Some of this is pandemic overhiring cleanup. Andreessen’s not wrong that many companies overhired in 2020-2022. We needed a forcing function to right-size. AI gives us that narrative.
And some of this is AI-washing. Using “AI efficiency” as a convenient shortcut to avoid the harder conversation about what we’re actually optimizing for: shareholder value, short-term profitability, competitive positioning.
The problem is we’re not being honest about which is which.
What I’m Asking My Leadership Team
Before we make any more “AI-driven” workforce decisions, I’m requiring answers to these questions:
- What’s the AI capability today vs. what we’re betting on in 18 months?
- What are the dependencies? (Model improvement, integration complexity, customer acceptance, competitive execution)
- What breaks if we’re wrong? (Customer experience, team morale, knowledge loss, rehiring costs)
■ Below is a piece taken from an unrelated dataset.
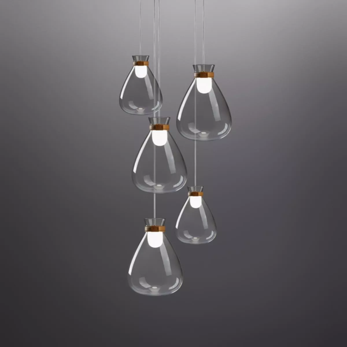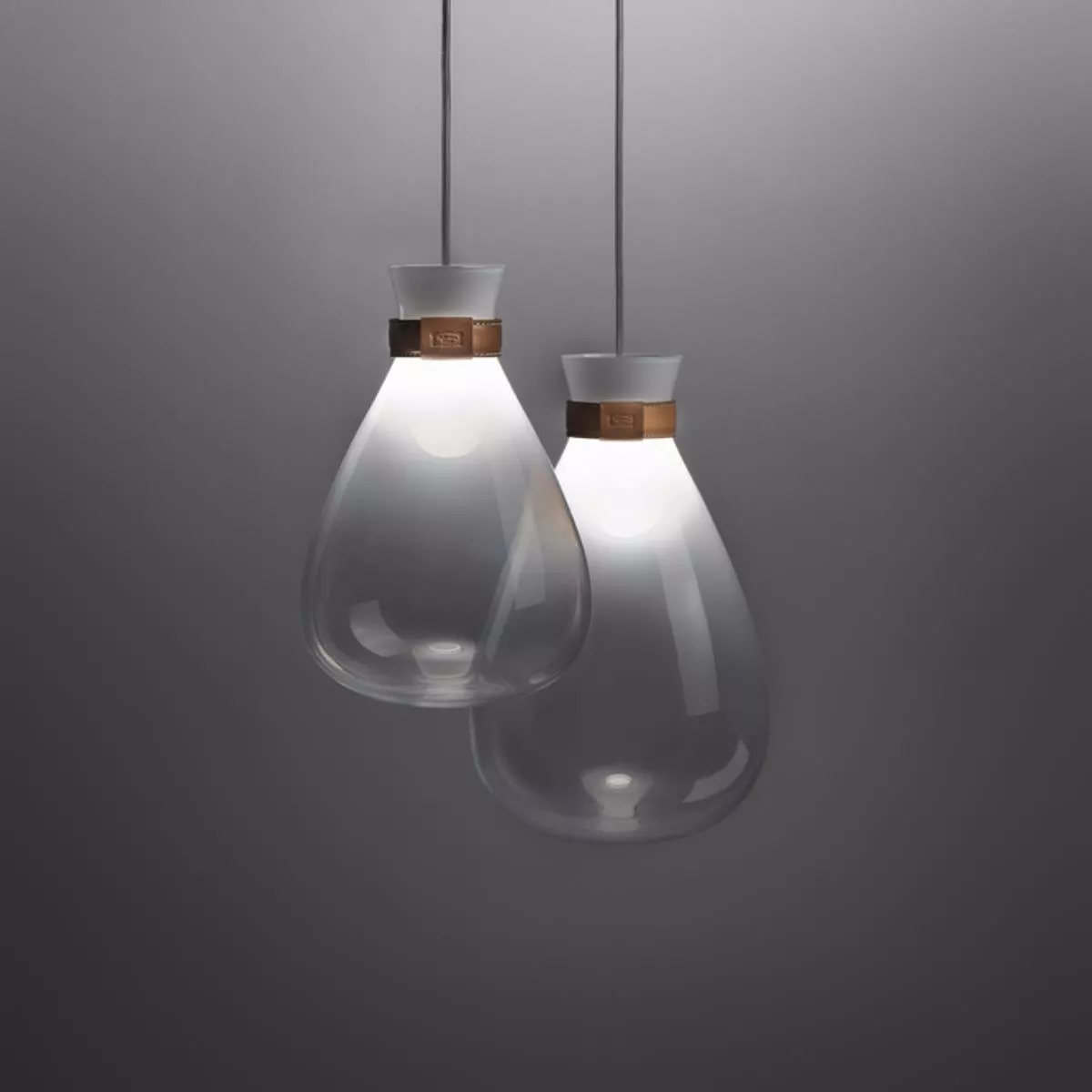 Soffi. Usta Venedikli zanaatkârların üflediği ışığın ve camın saflığı. GamFratesi’nin minimalist tasarımı, üfleme tekniğinin cama şeklini verdiği anı tam olarak yakalıyor. Yerçekimiyle uzayda asılı duran ince bir eyer-deri kayıştan narin ve düzensiz küreler çıkıyor gibi görünüyor.

- Are we eliminating roles or restructuring functions? (Be honest about which)
- Who’s accountable if the AI can’t actually do the job?
For other CTOs and engineering leaders here: Are you facing similar board pressure? How are you thinking about accountability for AI-driven workforce decisions? And honestly—are we replacing roles with AI, or are we using AI as the excuse to make cuts we wanted anyway?
I don’t have this figured out. But I think we owe it to our teams (and ourselves) to be more honest about what’s actually happening.